A mail is represented as a bag-of-words vector, with each number in the vector representing how often a term appeared in a mail. The idea is to multiply that with a vector, and use the sign-function to turn regression into classification. $$y_{predicted} = \sigma(x_i^T\theta) $$, with $\sigma = \frac{1}{1 + e^{-x}}$. To calculate the loss, I am using the l2-loss (squared loss). Since I have a lot of trainig data, regularization seems not necessary (training and testing accuracy is always very close). Still I only get a max accuracy of about 90% (both training and testing).
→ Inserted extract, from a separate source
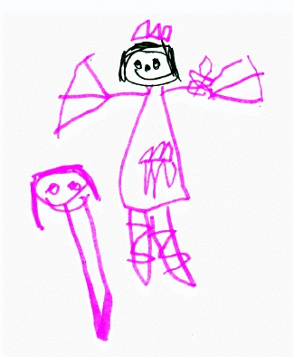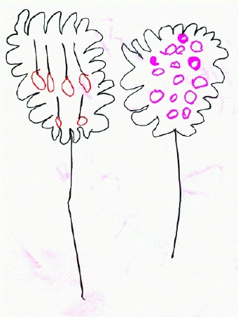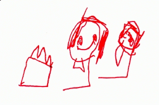 Heather and Caroline smelling some flowers. Heather tells me that they're also eating, but when I asked her what they were eating, she said "I don't know; I didn't draw that part." (February 1998)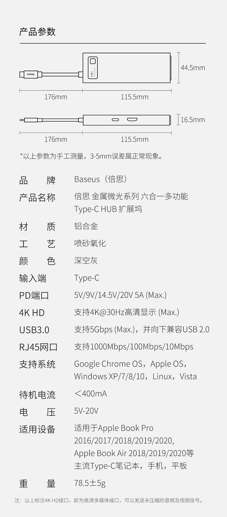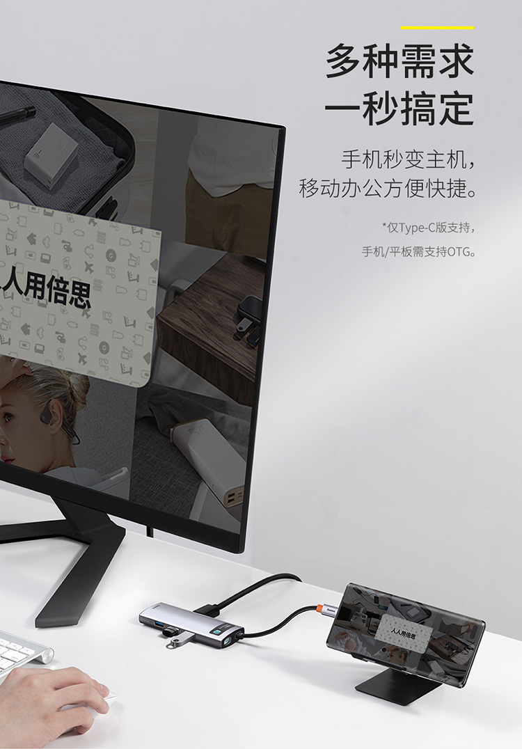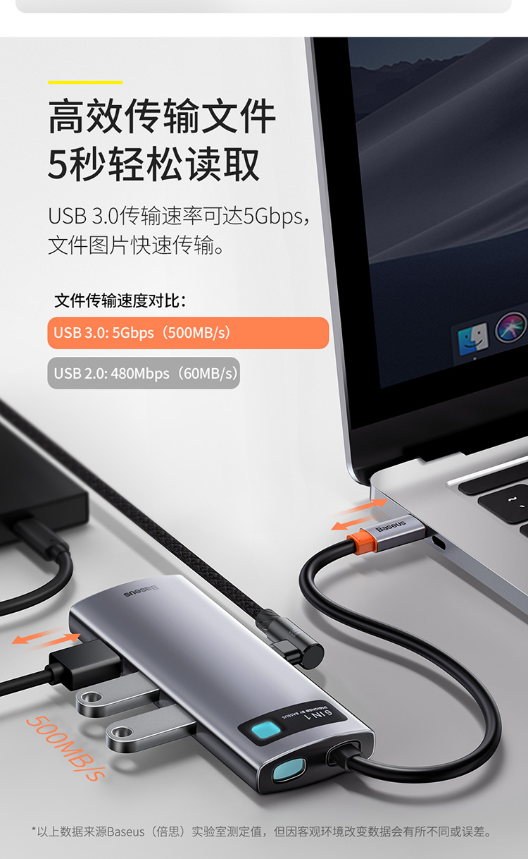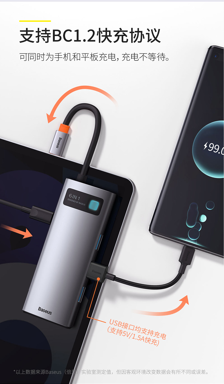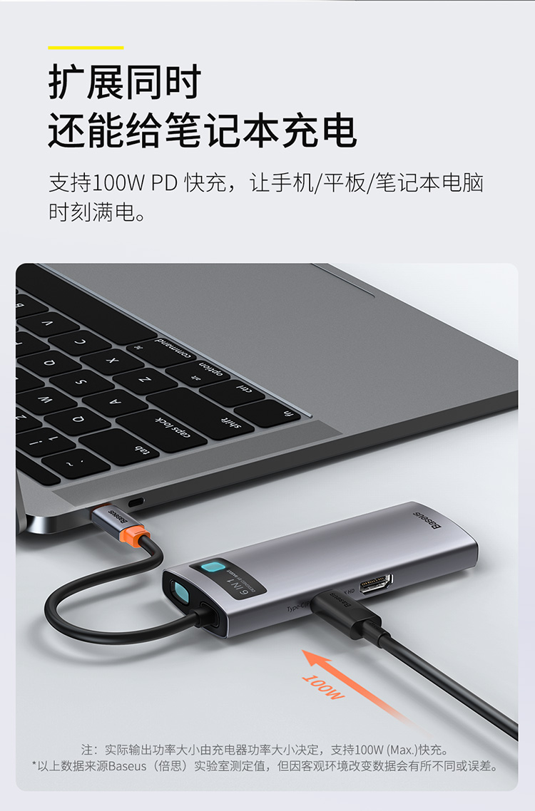 倍思 金属微光系列 六合一多功能Type-C HUB 扩展坞

How can I improve this?

I already tried the following:

  • Use regularization, L1, L2 with different strength (seems not necessary)

  • Use different learning rates

  • Use gradient descent, stochastic gradient descent and batch gradient descent (the hope is to avoid local minima in the loss-function, by introducing more variance with stochastic/batch gradient descent)

  • create more training data (classes were disbalanced 80/20 spam/ham), using SMOTE

Things that I could still try:

  • use a different loss function

Any other suggestions?

Sycorax
  • 76,417
  • 20
  • 189
  • 313
User12547645
  • 143
  • 5

1 Answers1

6

L2 loss for logistic regression is not convex, but the cross entropy loss is. I’d recommend making the switch because convexity is a really nice property to have during optimization. Convexity implies that you don’t have to worry about local minima because they don’t exist by definition.

A nice discussion of the mathematics comparing the convexity of log loss to the non-convexity of L2 loss can be found here: What is happening here, when I use squared loss in logistic regression setting?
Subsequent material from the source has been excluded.